Les premières altercations avec les forces de l’ordre ont commencé lundi, en marge d’une mobilisation indépendantiste contre la réforme constitutionnelle examinée à l’Assemblée nationale, qui vise à élargir le corps électoral aux élections provinciales. Les opposants critiquent un dégel qui risque de « minoriser encore plus le peuple autochtone kanak ».

Un « vrai déchaînement de haine »

Véhicules incendiés, magasins pillés, début de mutinerie de détenus… Le haut-commissaire de la République Louis Le Franc a rapporté mardi « des tirs tendus avec des armes de gros calibre, des carabines de grande chasse, sur les gendarmes » lors des violences sur la commune du Mont-Dore, au sud-est de Nouméa, au cours de la nuit. Dans les quartiers nord de Nouméa, il a déploré « des destructions de commerces, de pharmacies et de domiciles ».
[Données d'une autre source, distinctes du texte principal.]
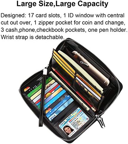 GOIACII Women's Wallet Large Capacity Double Zip Around Credit Card Holder Leather Ladies Wallet with RFID Blocking Phone Wristlet Purse Black
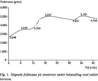 GH-behandlingen forbedrede initialt kropssammensætningen. Dual-energy X-ray absorptiometry (DEXA)-scanning viste et tab i total fedtmasse (-2.800 g), øget total muskelmasse (+1.650 g) og en stigning i knoglemineralindhold (BMC) og knoglemineraltæthed (BMD) som udtryk for klinisk effekt efter et års behandling. Fem år efter behandlingsstart sås imidlertid regres af kropssammensætningen til udgangsværdierne. Patientens vægt var 62,8 kg før behandling, og henholdsvis 61,7 kg, 62,5 kg og 62,8 kg efter et, tre og fem års behandling. Efter behandlingsstart udviklede patienten tiltagende fedtophobning på overarmene (OE). En UL-scanning viste hyperplasi af det subkutane fedtvæv, som målte 2 cm. En DEXA-scanning viste stigende fedtmasse på OE - på tre år var fedtmassen på OE steget med 93% af udgangsværdien (Fig. 1). I november 1999 og i maj 2000 fik patienten ved fedtsugning fjernet 2.400 ml fedtvæv fra OE og 400 ml fra nakken/ryggen.

« Nous avons été confrontés depuis plus de vingt-quatre heures à un vrai déchaînement de haine, un déferlement de jeunes souvent alcoolisés, manifestement manipulés et d’une violence assez inouïe », a regretté le général Nicolas Matthéos, commandant de la gendarmerie de Nouvelle-Calédonie. Selon le haut-commissariat, 36 gendarmes ont été blessés et 48 personnes interpellées.

L’indépendantiste Louis Mapou appelle « au calme et à la raison »

Le président indépendantiste du gouvernement de ce territoire, Louis Mapou, a pour sa part appelé « au calme et à la raison ». Mais, dans la crainte d’un enlisement, le Raid, quatre escadrons de gendarmes mobiles et deux sections de la CRS 8, unité spécialisée dans la lutte contre les violences urbaines, ont été mobilisés. Quinze renforts du GIGN devaient être également envoyés à Nouméa.

Les autorités sont particulièrement concernées par une usine incendiée située à l’entrée de la ville et dans laquelle une trentaine d’émeutiers sont retranchés ce mardi. Les pompiers de Nouméa ont pour leur part dit avoir reçu près de 1.500 appels dans la nuit de lundi à mardi et être intervenus sur environ 200 feux. Selon un regroupement patronal, une trentaine de commerces, d’usines et d’autres entreprises ont été incendiés.

Ce mardi, même si la situation est plus calme, de nombreuses barricades restent actives. Le gouvernement calédonien a donc annoncé la fermeture des lycées et collèges jusqu’à nouvel ordre. L’aéroport international est fermé et la compagnie Aircalin a suspendu ses vols pour la journée.

Débats houleux à l’Assemblée

A Paris, les discussions patinent. Les députés reprendront ce mardi après-midi l’examen houleux du texte visant à élargir le corps électoral propre au scrutin provincial de Nouvelle-Calédonie, un point sensible qui ravive les tensions entre loyalistes et indépendantistes.

Le ministre de l’Intérieur Gérald Darmanin a appelé les députés à adopter sans modification cette réforme, qui ouvre le scrutin provincial calédonien aux résidents installés depuis au moins dix ans sur l’île. Mais, alors qu’un vote solennel était normalement prévu mardi après-midi, les débats n’ont pas pu être menés à leur terme dans la nuit, en raison du nombre d’amendements déposés notamment par le groupe LFI.

Macron veut « privilégier le dialogue »

Après celle du Sénat, l’approbation de l’Assemblée est nécessaire pour faire cheminer ce texte, avant de réunir le Parlement en Congrès pour réviser la Constitution, à une date qui reste à fixer. Prônant l’apaisement, Emmanuel Macron a promis dimanche de ne pas convoquer le Congrès « dans la foulée » du vote de l’Assemblée, selon son entourage, pour « privilégier le dialogue ».

Toujours en quête d’un accord institutionnel global, Gérald Darmanin a, lui, assuré que les parties prenantes locales seront invitées « rapidement » à Paris pour « discuter autour du Premier ministre, autour du gouvernement ». Mais cette « main tendue » est, selon lui, pour le moment « refusée » par le camp indépendantiste.